## ACTION ITEM
Return exactly the lines from the one containing "Step 1: Mix gram flour and curd" through the end of the material below, and leave the images out.
┌─ INPUT FOR THIS TASK
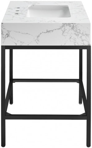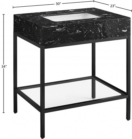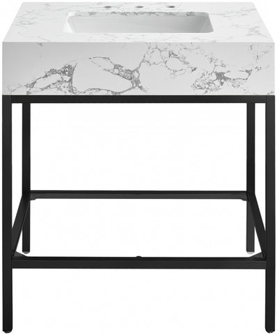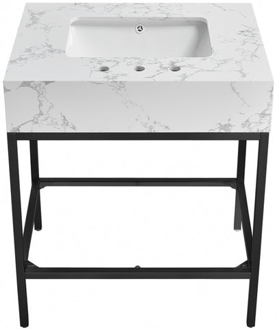 Meridian Furniture Marmo 30" Engineered Stone Top, Steel And Glass Base Vanity - Black
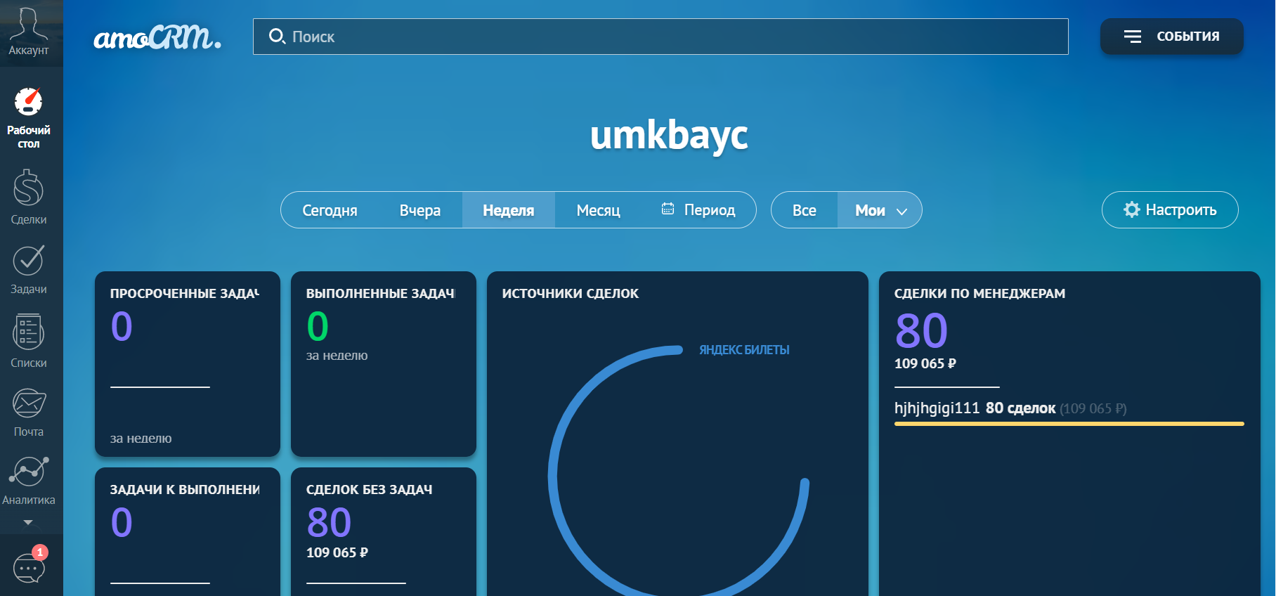 После успешной синхронизации в amoCRM появится сделка с заполненными полями. Синхронизация билетной системы и amoCRM происходит в течение 15 минут.
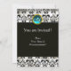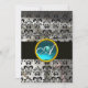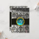 VIT SVART SILKE DAMAST TEAL BLÅ ÄDELSTEN MONOGRAM INBJUDNINGAR
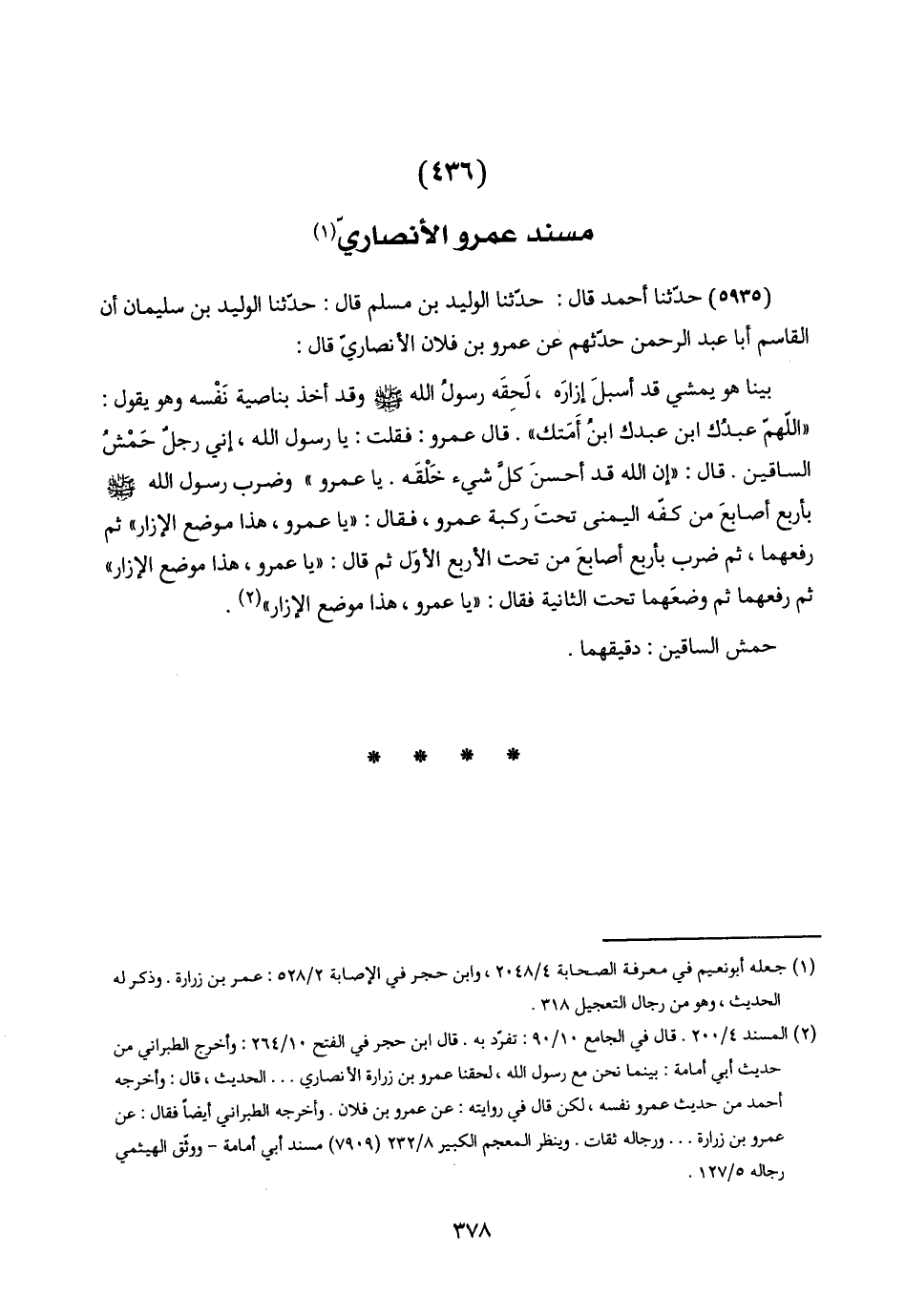 بينا هو يمشي قد أسبلَ إزارَه، لَحِقَه رسولُ اللَّه -صلى اللَّه عليه وسلم- وقد أخذ بناصية نَفْسه وهو يقول: "اللهمّ عبدُك ابن عبدك ابنُ أَمَتك". قال عمرو: فقلت: يا رسول اللَّه، إني رجلٌ حَمْشُ الساقين. قال: "إنّ اللَّه قد أحسنَ كلَّ شيء خَلْقَه. يا عمرو" وضرب رسول اللَّه -صلى اللَّه عليه وسلم- بأربع أصابعَ من كفّه اليمنى تحتَ ركبة عمرو، فقال: "يا عمرو، هذا موضع الإزار" ثم رفعهما، ثم ضرب بأربع أصابع من تحت الأربع الأوّل ثم قال: "يا عمرو، هذا موضع الإزار" ثم رفعهما ثم وضعّهما تحت الثانية فقال: "يا عمرو، هذا موضع الإزار" (٢).
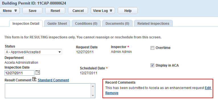 Civic Platform also displays the newly-added comment in the Record Comments field of associated inspections if “Apply to Inspections” = Yes.
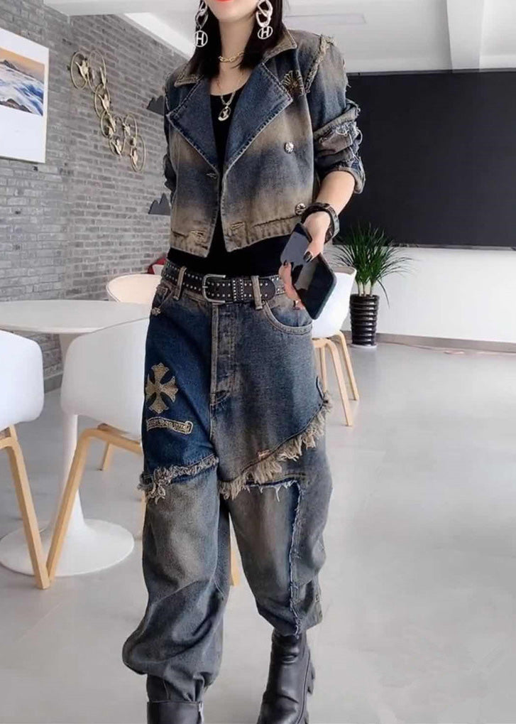 Handmade Grey Peter Pan Collar Patchwork Coats And Jeans Two Pieces Set Fall
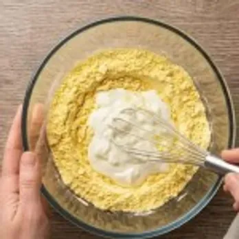 Step 1: Mix gram flour and curd
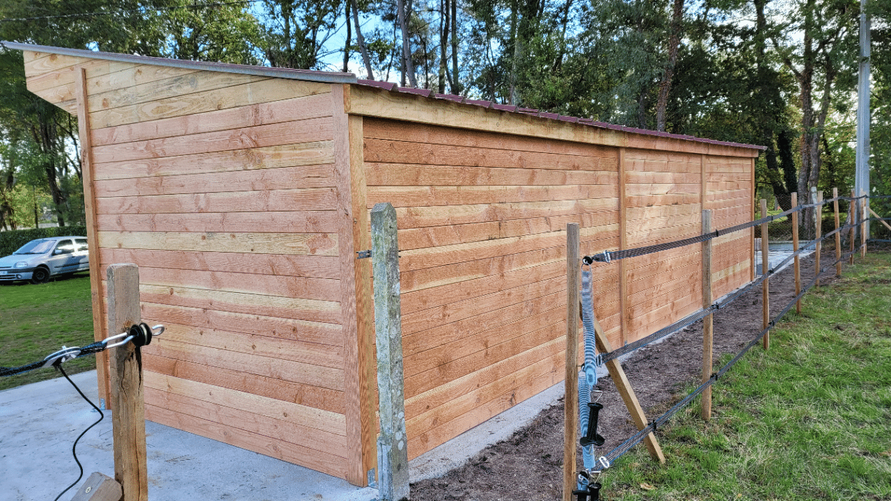 La configuration en ligne permet d’optimiser l’espace au sol, facilitant la circulation et l’accès aux boxes depuis une allée centrale. La toiture en bac acier anti‑condensation protège efficacement contre la pluie et l’humidité, avec des options d’isolation supplémentaires disponibles (10 mm ou 40 mm) pour un confort maximal.
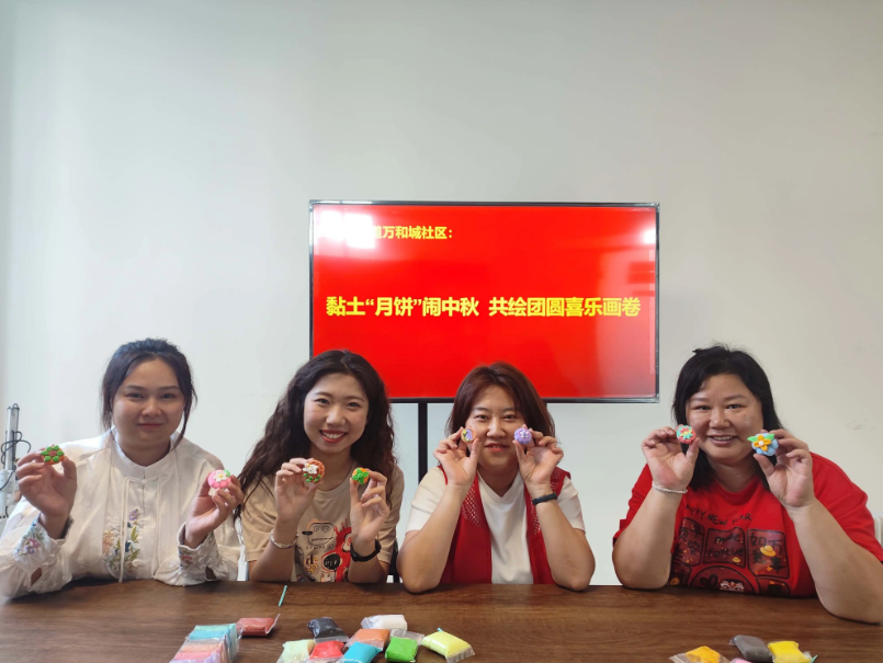 萬和城社區(qū)制作黏土月餅,趣味十足。
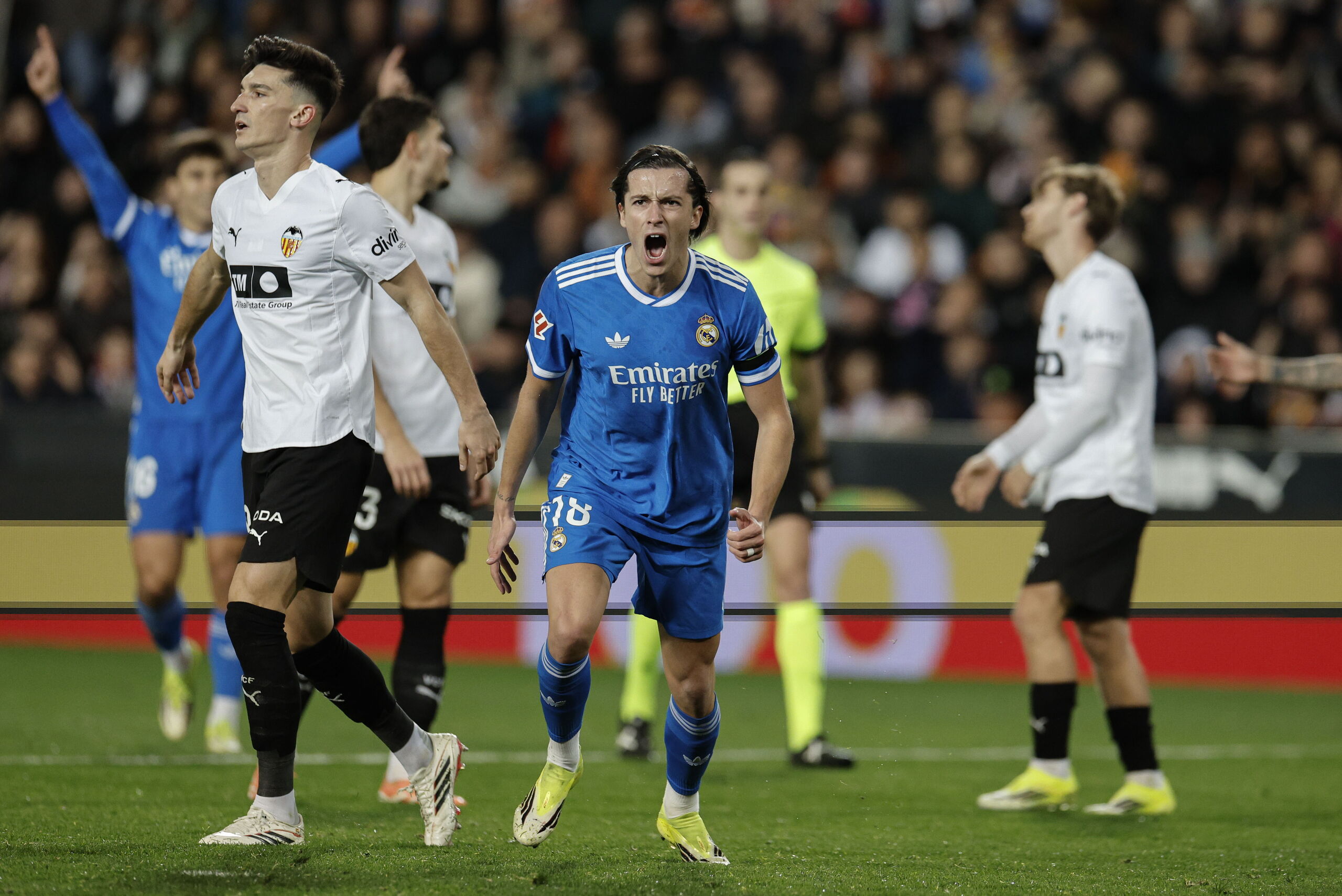 El Valencia, muy concentrado en tapar a Mbappé en cada acción, se mantuvo bien en defensa para conceder las mínimas ocasiones al equipo madrileño, que solo aparecía cuando Güler encontraba al francés y cuando el turco jugaba cerca del área.
└─
## RESULT OF THIS EXERCISE
 Step 1: Mix gram flour and curd
 La configuration en ligne permet d’optimiser l’espace au sol, facilitant la circulation et l’accès aux boxes depuis une allée centrale. La toiture en bac acier anti‑condensation protège efficacement contre la pluie et l’humidité, avec des options d’isolation supplémentaires disponibles (10 mm ou 40 mm) pour un confort maximal.
 萬和城社區(qū)制作黏土月餅,趣味十足。
 El Valencia, muy concentrado en tapar a Mbappé en cada acción, se mantuvo bien en defensa para conceder las mínimas ocasiones al equipo madrileño, que solo aparecía cuando Güler encontraba al francés y cuando el turco jugaba cerca del área.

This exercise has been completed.